In 1990 I attended the 1st International Conference for the Reduction of Drug-Related Harm in Liverpool, and the crew who had organized the conference invited me to come do a training for their drug treatment staff. The manual, which was initially produced as that training’s handout, was written while I was living in Rotterdam, The Netherlands—a new expat, newly in love and reveling in the experience of exploring that country’s unique, rational drug policy. The manual was what I would have wanted had such a thing been available to me as a new street sex worker, and was the culmination of all my years of street experience and foolish mistakes.
I’d written scholarly papers and health education manuals before—for instance, a self-injecting guide for women—but that street sex work manual is the work for which I’m best known. It has been translated into multiple languages, and is still being used, totally or in part, by many agencies across the world. I doubt I would have had the insight or security to produce such a thing without the love I found in Rotterdam, or the distance I got there from my NYC past.

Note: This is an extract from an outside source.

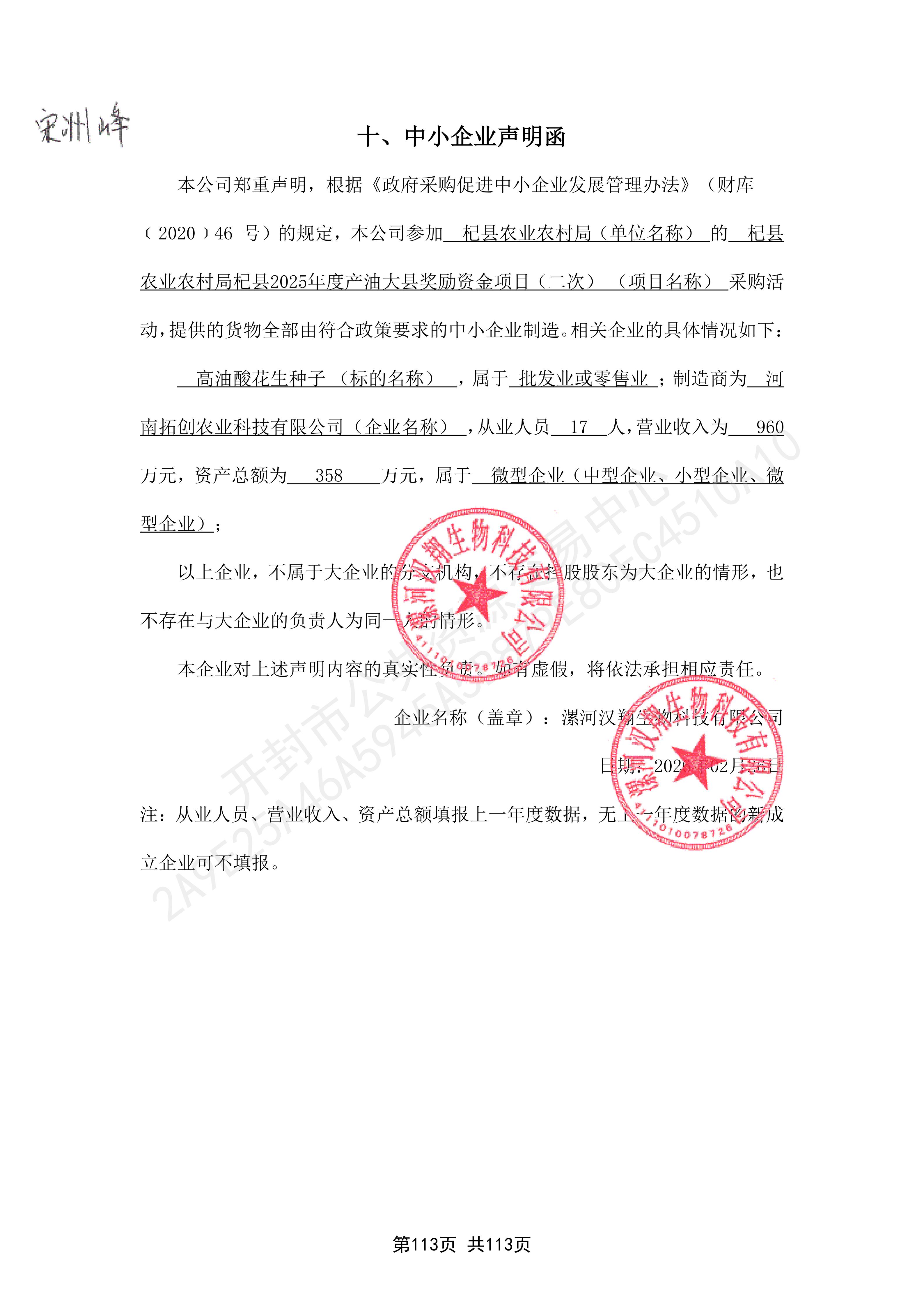 | 第一中标候选人河南中农飞防生态科技有限公司因自身原因不能履行合同,自愿放弃中标候选人资格,采购人根据《中华人民共和国政府采购法实施条例》第四十九条的规定,确定第二中标候选人漯河汉翔生物科技有限公司作为成交供应商。 | ||||||||||||

Do you think your life experience gives you a different approach and perspective on this sort of work?
I don’t believe in one-size-fits-all approaches to education or care, and I don’t believe that you have to have shared someone’s experience in order to provide them with appropriate, individualized service, but you do have to be willing to imagine what their experience is in order to provide education or care that fits. I have seen too many compassionate, well-meaning but otherwise clueless people give advice that is so inappropriate as to be laughable. For instance, the MD who on rounds, suggested our anemic, homeless, pregnant client get several servings of rare meat per week. I’m sure she might have loved to. But how? Better, if more antisocial, to suggest she steal raisins.

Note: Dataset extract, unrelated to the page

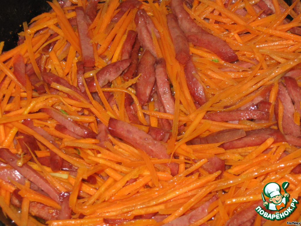 На раскаленном масле пару минут обжарить колбасу и морковь.

I once listened to a nutritionist give the most educational and inspired advice to a hypertensive pregnant teen. Rather than telling her to “reduce sodium,” she sat down with her and first drew up a list of foods she normally ate from the fast food restaurants she frequented, and then helped her pick the lowest salt, lowest fat choices from among them—e.g. “extra crispy just means extra fried and extra fat.”
Harm reduction is everyday thinking in every field except drug treatment. Think seatbelts and traffic signals and designated drivers. Think of the dentist who encourages their patients to chew gum when they can’t brush or to eat popcorn to remind them to floss. Think rock climbing classes and safety harnesses. Yet teaching someone to inject in the direction of blood flow, or to pay their bills before they go out on a binge is still considered so radical it borders on inappropriate. This nutritionist embodied the expression “meet them where they’re at,” and I try to model my work with others after her good example.
Recently, you and your friend and coworker Nik did a spoken word performance about drug policy for the Red Umbrella Diaries. Can you tell me a bit about that?
I had written an article for The International Journal of Drug Policy in 1992 about my experiences as an American working in Rotterdam. The performance piece is loosely based on that—combining my experiences in NYC in the pre-syringe exchange era and Rotterdam’s enlightened approach to drugs with Nik Krempasky’s experiences as a new nurse and health educator. It was about spinning a story together—part personal, and part political—about the changing landscape of sex work and drugs, and how public health policy interacts with these two cultural taboos. I used to do a lot of performing and public speaking—both academic and artistic—but at the time I did that piece, after my nursing school imposed a cone of silence, I was really out-of-practice and really nervous. But Nik was a joy to work with, and the audience tittered in appropriate places. I look forward to having a chance to do it again. We keep meaning to record it as a podcast for the Harm Reduction Coalition, but have not gotten around to it yet. It is available as a podcast through the Red Umbrella Project.